Others hit the ball well.

Rarely do they achieve both. It is rarer, still, when the performance of such a club exceeds aesthetics.

Hence our infatuation with Japanese club maker Katsuhiro Miura's first utility club, the 'Precious Edition'. This two-piece gem combines an elegant appearance with good, old-fashioned, hefty swing appeal.

Among purists, Mr. Miura has an almost mythical reputation for hand-crafted, ultra-high quality forged irons. Generally, his work appeals to better players who pure the ball rather than hack at it. This utility club continues that tradition.

Frankly, other clubs of genre are larger, fly higher, and may better serve higher handicap players who just want to blast straight, long shots.

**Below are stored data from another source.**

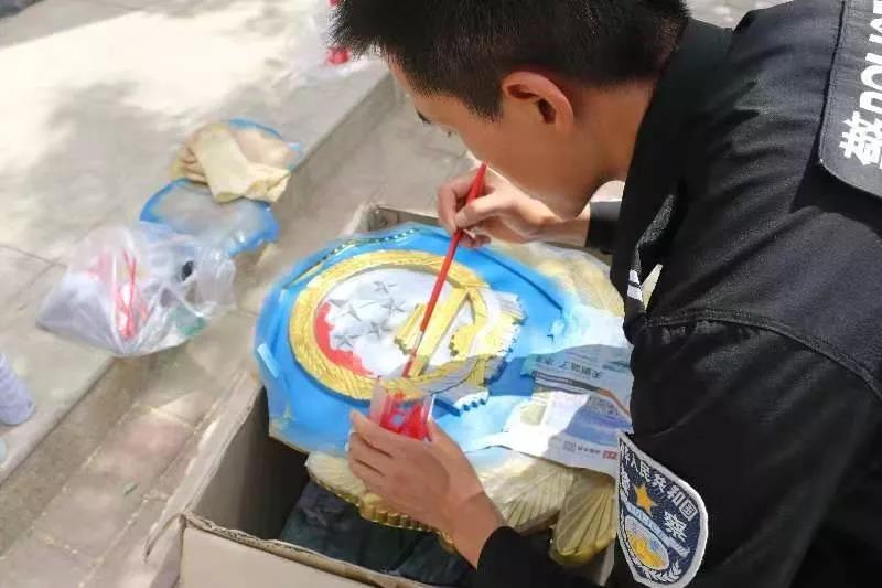 經(jīng)領導同意后,張奇榮爬上長梯。在直徑1.5米的警徽上,打磨、上色、拋光,涂涂抹抹了一下午。
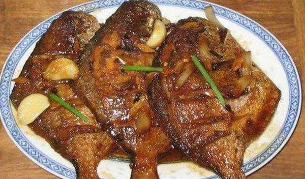 鱼炖入味后,小心取出。锅里还有汤。高火收汤,越熬越稠。这时放入炸好的金蒜,将收好的汤和蒜浇在扁鱼上。能。
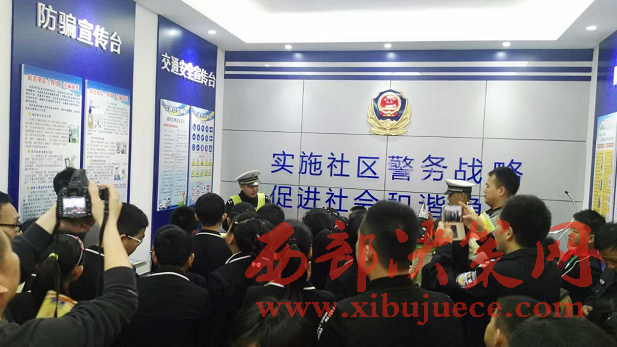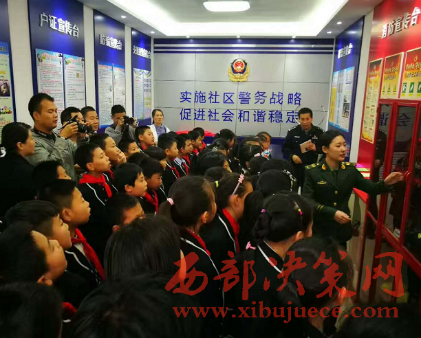 西部決策網(wǎng)-西部大開發(fā)訊(帥華鋒 劉恒)4月19日上午,寶雞市金臺區(qū)石油小學5年級學生在老師的帶領(lǐng)下參觀了東風路派出所陳倉園社區(qū)警務(wù)室。來自金臺交警大隊、金臺消防大隊和東風路派出所民警現(xiàn)場用生動活潑的語言給小學生們上了一堂社會實踐課。

Miura's utility exchanges a measure of forgiveness for more feedback, which often leads to better and more controlled shot making.

Miura makes the heads in lofts of 17, 20, and 23 degrees. The company loaned us an early release of the 20, fitted with a stiff, 85 gram, Tour AD shaft by Graphite Design. When we mounted the club and checked the shaft's spine, the head did not oscillate, which is rare for a club from a factory. Such building takes time, and while it leads to more consistent shots, most manufacturers don't take the time to do it. In practice, Miura prefers marketing and selling to custom club makers.

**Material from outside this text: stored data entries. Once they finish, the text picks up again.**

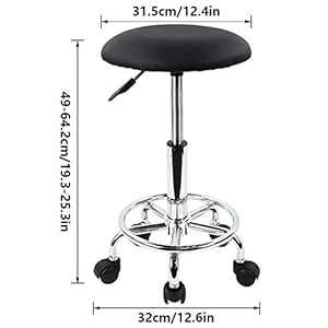 Height Adjustment salon stool: The Seat Height adjusts from 19.3″ to 25.3″,Seating diameter: 12.4″
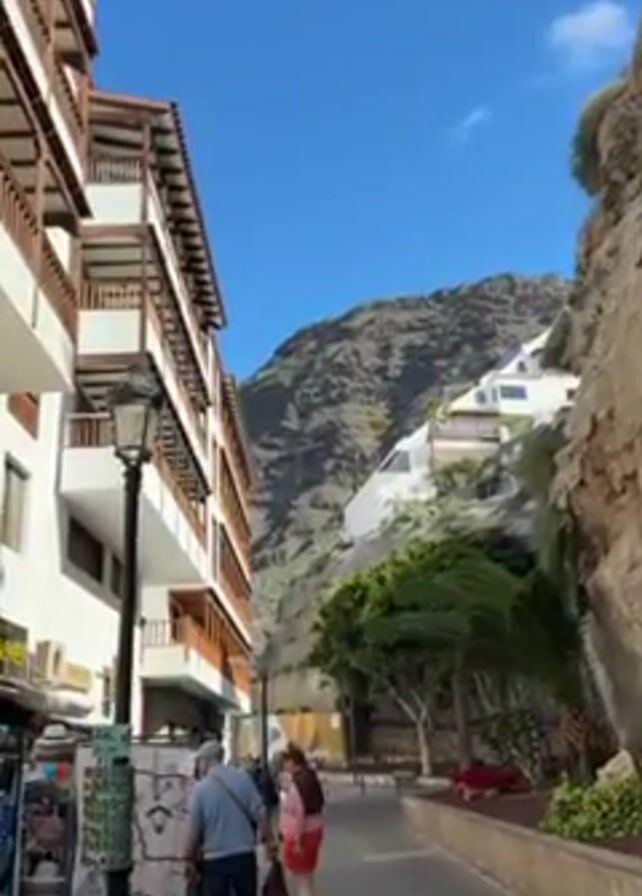 pedestrian walkway bordered by a multi-story building on one side and a rocky cliff face on the other, set against a mountain backdrop under a bright blue sky with a few clouds
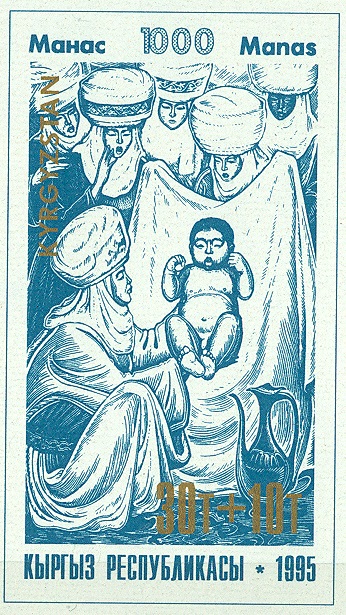 diese Serie ist am 23.6.1995 erschienen zu dem Thema 1000 Jahre kirgisisches Nationalepos "Manas". Die beiden gezeigten Marken zeigen folgende Motive:
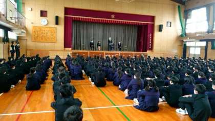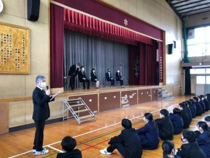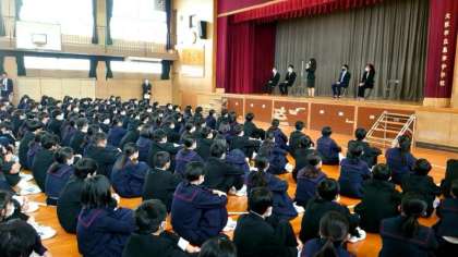 教職員、PTAとのお別れ会を行った後、離任される先生方は生徒の皆さんが待つ体育館へ。春休み中ですが、たくさん集まってくれました。卒業生や保護者の皆様も多数来校し、先生方とのお別れに駆けつけていただき、ありがとうございました。

Miura's test club measured just less than 41 inches from tip to sole. It was heavier than any hybrid we have tried before, with a swing weight of D-5. I like such weighting because it allows a player to sense keep track of a club head from take-away through finish. Grip the Miura, waggle it, and you know you have a quality piece in your hand.

The new utility has no screws, external plugs, or additional weighting. Its hosel accommodates a .350 tip, allowing club makers more options for fitting with stronger shafts.

The club looks slightly closed at address. Initial shots flew a bit low and to the left due to a slight draw bias, but the Miura showed its stuff within half a bucket. Most balls followed a medium trajectory. When we hit down harder, they soared higher in a pleasant, rising arc. By opening the face a small amount, balls held their lines, even against strong, right-to-left crossing winds. Very impressive.

Off a tee, balls carried farther than many 4 and 5-metals. I swing a driver at about 104 mph. That tempo on this club produced ball flights of 210-220 yards, with reasonably soft landings. By choking down, I could easily maintain spin, control, and trajectory to 180 yards. Remember, again, that the this was a demo test club. With fitting and custom building, Miura's 'Precious Edition' could undoubtedly perform even better.

This utility slides well through moderate rough, but can make serious divots from fairways. The 20 degree version seemed somewhat shallow for chipping around greens. The 23 degree would be better.

Miura engineered an addictive, blade-like sound into the club. The metallic red finish looks nice enough to wax. From grip to sole, this club is impeccable.

Summary: Miura's new 'Precious Edition' utility club will best suit better players who swing with feel, and prefer more precision. It is not a cookie-cutter hybrid.